Auch hier haben Sie - fuer den Staat eben kein marginaler Sektor 
'wissenschaftliche Forschung' nicht verstanden, was in diesem Sektor 
entscheidend ist und von den Erben i.A. auch als Wille des Autors 
respektiert wird: gelesen zu werden, zum Lesen gefunden zu werden; wenn 
dies eingeschraenkt wird, damit einige Dienstleister damit mehr Geld 
verdienen koennen, versuendigt sich dieser an dem Willen des wiss.

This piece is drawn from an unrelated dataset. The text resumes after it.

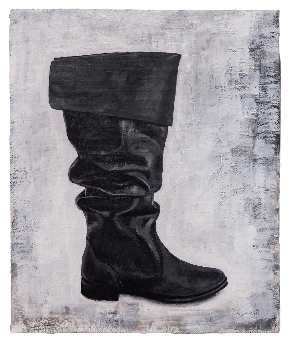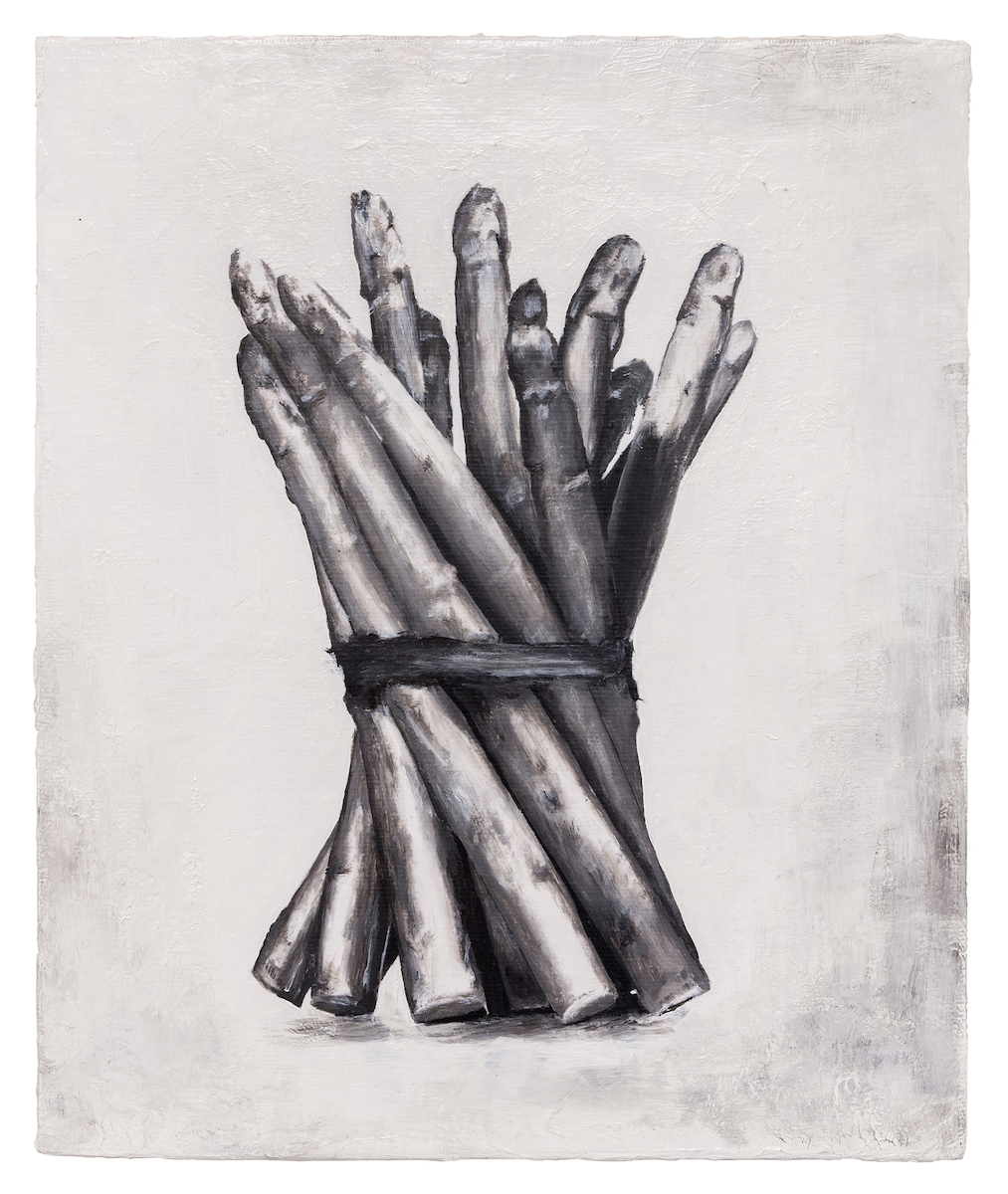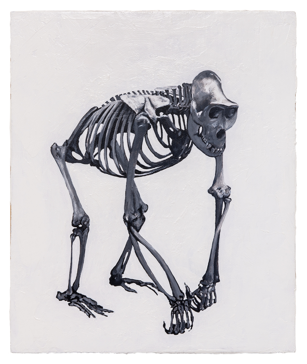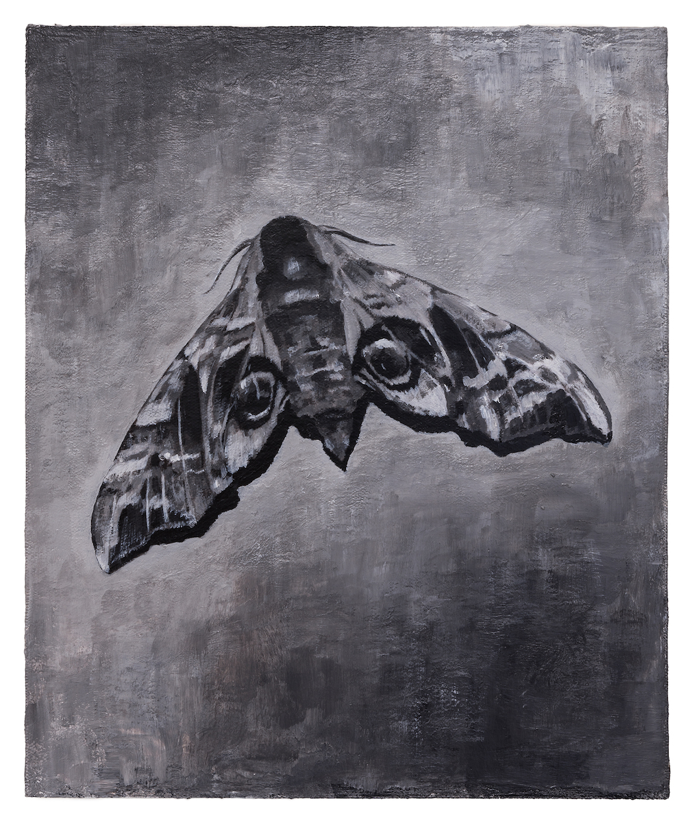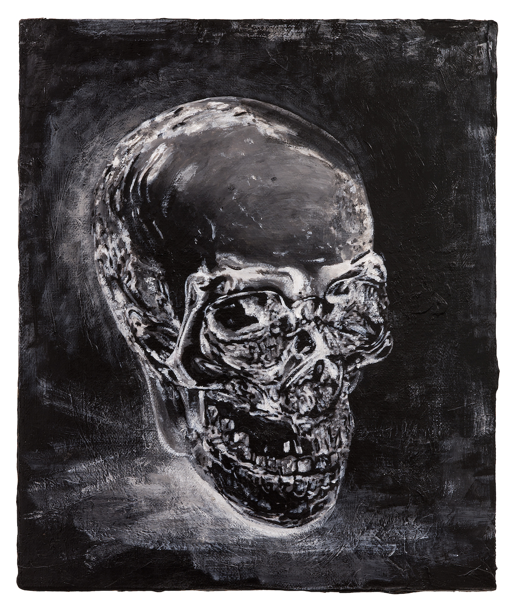 Already since the mid-1990s, the artist has been dealing with questions regarding cultural codes and cultural memory in his larger work groups. In this series, he deliberately uses the colours black and white as well as various shades of grey, which accentuate his sophisticated and detailed manner of painting. Singularly depicted objects on a 30 x 25 cm canvas, mounted on wood, are immediately recognizable and evoke different associations in the beholder. The lion for instance, which occurs recurrently in this series, with its stately demeanour in the work 'Hieronymus-painting (D.T.M.C.)' 2014-2015, 180 x 260 cm symbolises strength and potency. Other motifs are reminiscent of baroque still lives depicting skulls, animal skeletons and moths, symbolising the transience of earthly existence.
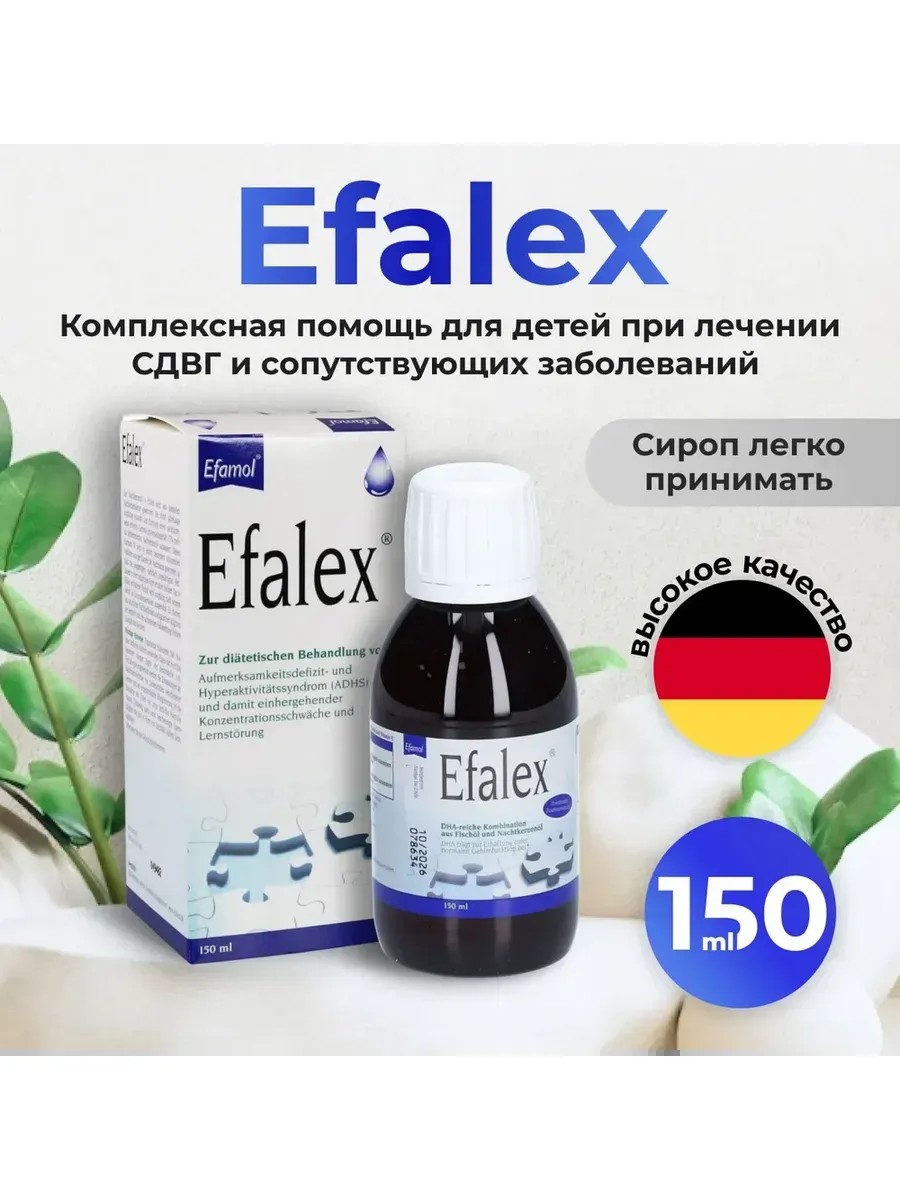 Efalex сироп (Германия) – мощная поддержка мозга, зрения и иммунитета для детей и взрослых. Efalex от Efamol – это высококачественная добавка к пище с комплексом омега-3 и омега-6, разработанная для улучшения мозговой деятельности, зрения и общего здоровья. Произведенный в Германии, Efalex содержит сбалансированное сочетание жидкого рыбьего жира, и витамина Е, что делает его идеальным для детей с синдромом дефицита внимания и гиперактивности, а также для взрослых, нуждающихся в поддержке памяти и концентрации. Сироп полезен для детей, так как Омега-3 поддерживает здоровое развитие мозга, улучшает концентрацию и способствует укреплению зрения. Благодаря жидкой форме Омега-3 и витамину Е, легко усваивается и обеспечивает максимальную пользу для организма, помогает восполнить дефицит жизненно важных жирных кислот, необходимых для работы мозга и нервной системы. Efalex особенно полезен для детей от 1 года, а также подростков и взрослых, с проблемами концентрации и ослабленной памятью. Этот сироп полезен и для женщин и мужчин повышая устойчивость к стрессам. Содержит жидкий рыбий жир, богатый омега-3. Витаминный комплекс поддерживает иммунитет у женщин и детей, помогая в защите клеток от повреждений. Витамин Е (жидкий) поддерживает здоровье глаз, зрение, а также укрепляет иммунитет. Подходит для детей и для взрослых, включая подростков, пожилых женщин и мужчин. Выпускается в виде жидкого сиропа для легкого усвоения – особенно удобно для детей. Подходит для детей и взрослых с повышенной чувствительностью к продуктам питания. Эфалекс эффективен при повышенной умственной нагрузке у взрослых, нуждающихся в поддержке когнитивных функций. Efalex – натуральное средство для поддержки здоровья, это больше, чем просто рыбий жир, это лечебное питание для здоровья всей семьи.

Autors, 
an dem Staatswillen nach effektiver Forschung (Wissen aus kommerziellen 
Interessen der Forschung vorzuenthalten).

Fazit: Ihre 'AG' aufloesen und eine offene Diskussion mit Allen fuehren, 
wie sich das in einer Demokratie gehoert.

Nichts fuer ungut, Ihr Eberhard Hilf, http://www.isn-oldenburg.de/~hilf 

P.S.: als Abendlektuere empfehle ich Ihnen das sehr genaue Studium von
1. http://www.iupap.org/wg/communications/ethics/index.html
Workshop on Scientific Misconduct and the Role of Physics Journals in its 
Investigation and Prevention; IUPAP International Union for Pure and 
Applied Physics; da waren uebrigens die relevanten wiss. Verlage 
vertreten..

2. dass uebrigens wir, im Gegensatz zu Ihnen, offen und konstruktiv das 
Gespraech der Wissenschaft mit den Dienstleistern von Anfang an gesucht 
und organisiert haben, sehen Sie aus der offenen Mitgliederliste der AG 
ElFiKom on Electronic Information and Communication (1995).